(TASK PROMPT) A faithful copy of all the records is needed, with the pictures omitted.

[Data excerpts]
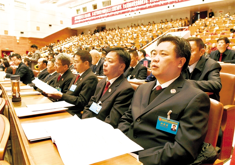 圖為列席人員認真聆聽政府工作報告。記者 旦增蘭澤 攝
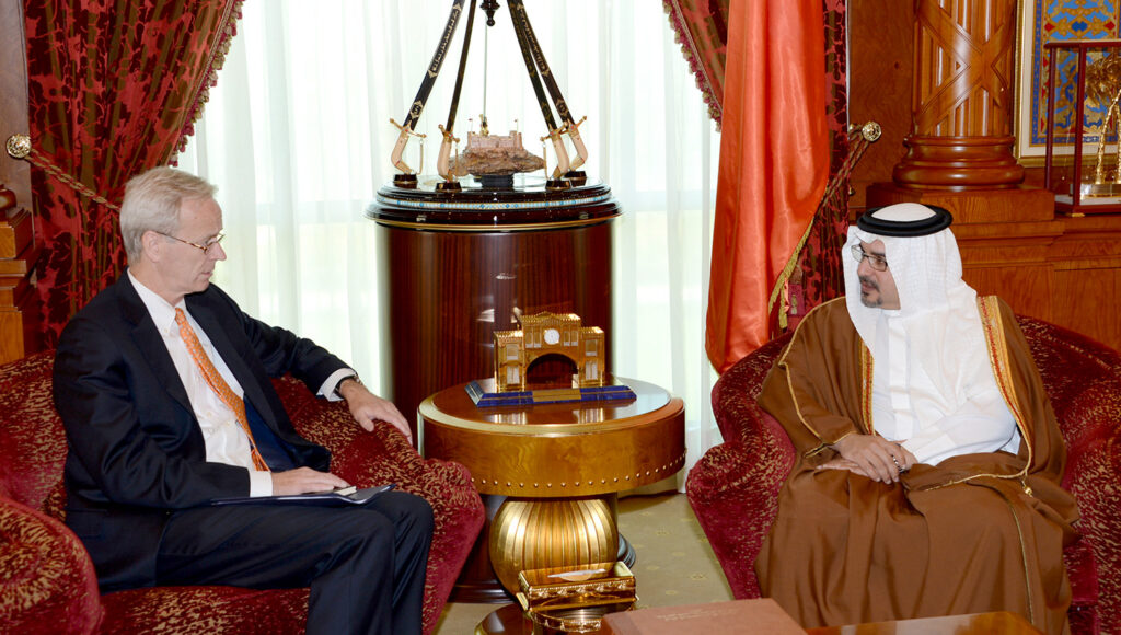 His Royal Highness Prince Salman bin Hamad Al Khalifa, the Crown Prince, Deputy Supreme Commander and First Deputy Prime Minister, today met the Ambassador of the United States to the Kingdom of Bahrain, His Excellency William Roebuck, at Gudaibiya Palace.
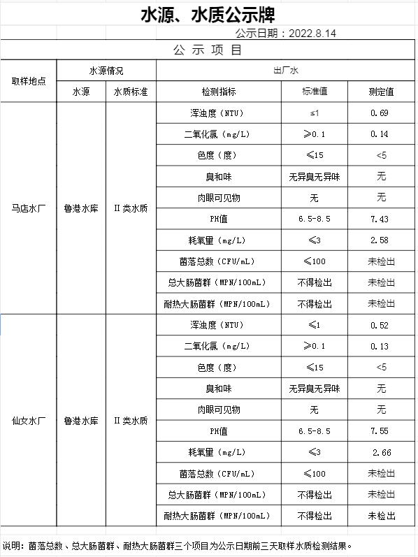2022年8月14日水質(zhì)公告
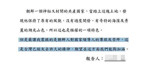 但風景並不是讓這位代表最印象深刻的部分,這位代表又指出,「但是最讓我震撼的是朝鮮(北韓)人對國家領導人的尊敬及崇拜,這是台灣已經失去許久的精神」,還表示「期望在這方面我們能夠加油」。
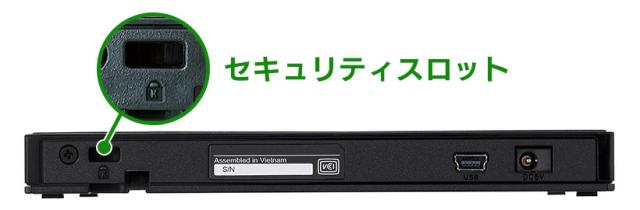 セキュリティワイヤー・ワイヤーロック・ケンジントンロックに対応したセキュリティスロットを製品背面に搭載。机などにドライブを固定することができるので、盗難や無許可の持ち出しを防ぎます。
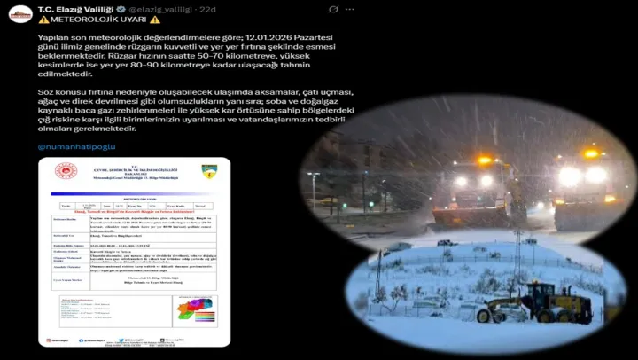 Elazığ Valiliği'nden Kuvvetli Yağış ve Kar Uyarısı
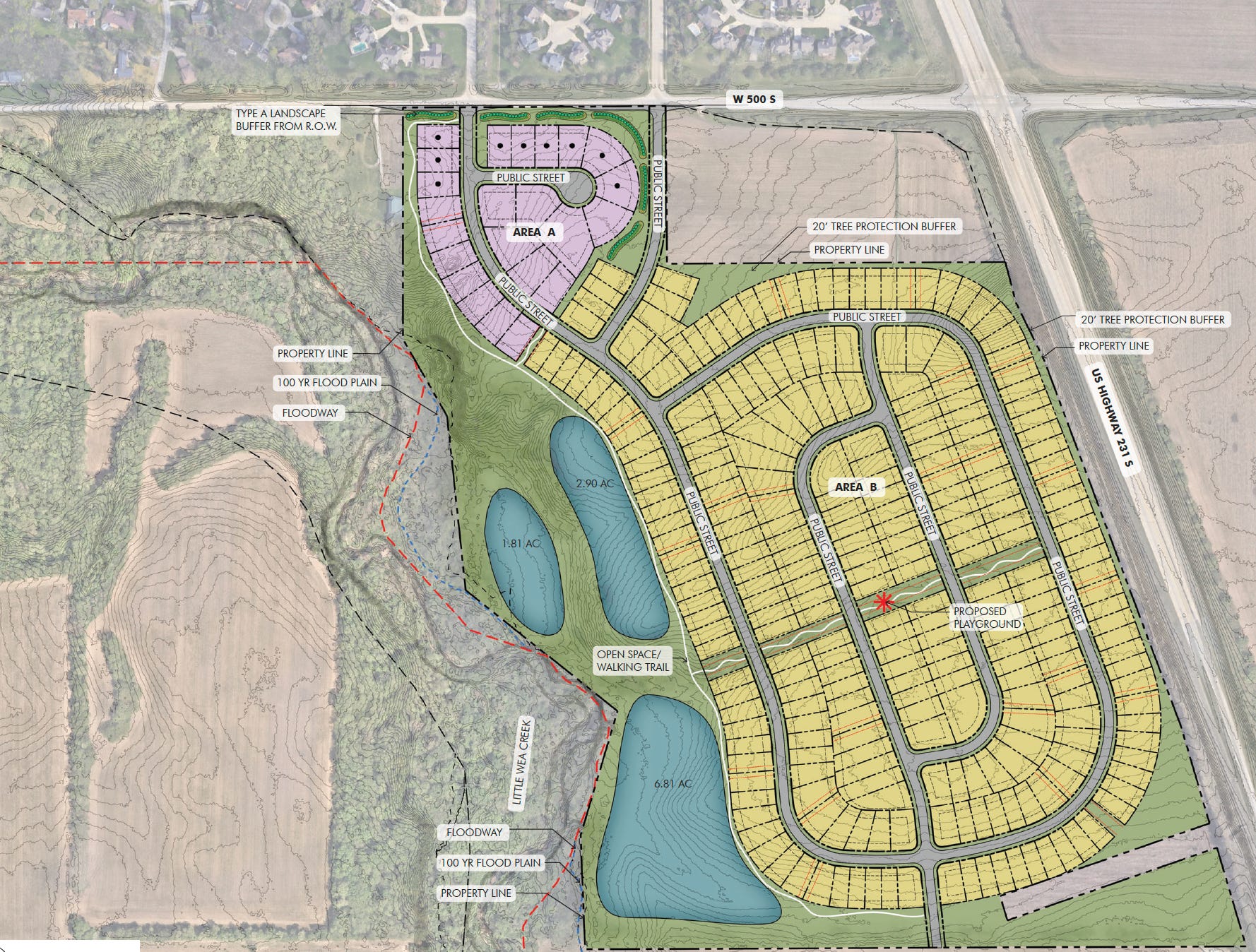 On Friday, Arbor Homes changed it up, again. In a letter to the Area Plan Commission, the company asked to change the request to R1A zoning, which would call for larger lot sizes than in the initial R1B zoning request. The letter also indicated that Arbor Homes would on Wednesday discuss its intent to expand the area with larger lots nearest to County Road 500 South.
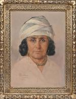 Émile DECKERS (1885-1968) Portrait de berbère au collier, Alger 1941 Huile sur panneau Signée, située et datée en bas à gauche 52 x 38 cm. Beau cadre orientaliste (Salissures au tableau) Expert : Cabinet Chanoit

(WRITTEN ANSWER)
 圖為列席人員認真聆聽政府工作報告。記者 旦增蘭澤 攝
 His Royal Highness Prince Salman bin Hamad Al Khalifa, the Crown Prince, Deputy Supreme Commander and First Deputy Prime Minister, today met the Ambassador of the United States to the Kingdom of Bahrain, His Excellency William Roebuck, at Gudaibiya Palace.
2022年8月14日水質(zhì)公告
 但風景並不是讓這位代表最印象深刻的部分,這位代表又指出,「但是最讓我震撼的是朝鮮(北韓)人對國家領導人的尊敬及崇拜,這是台灣已經失去許久的精神」,還表示「期望在這方面我們能夠加油」。
 セキュリティワイヤー・ワイヤーロック・ケンジントンロックに対応したセキュリティスロットを製品背面に搭載。机などにドライブを固定することができるので、盗難や無許可の持ち出しを防ぎます。
 Elazığ Valiliği'nden Kuvvetli Yağış ve Kar Uyarısı
 On Friday, Arbor Homes changed it up, again. In a letter to the Area Plan Commission, the company asked to change the request to R1A zoning, which would call for larger lot sizes than in the initial R1B zoning request. The letter also indicated that Arbor Homes would on Wednesday discuss its intent to expand the area with larger lots nearest to County Road 500 South.
 Émile DECKERS (1885-1968) Portrait de berbère au collier, Alger 1941 Huile sur panneau Signée, située et datée en bas à gauche 52 x 38 cm. Beau cadre orientaliste (Salissures au tableau) Expert : Cabinet Chanoit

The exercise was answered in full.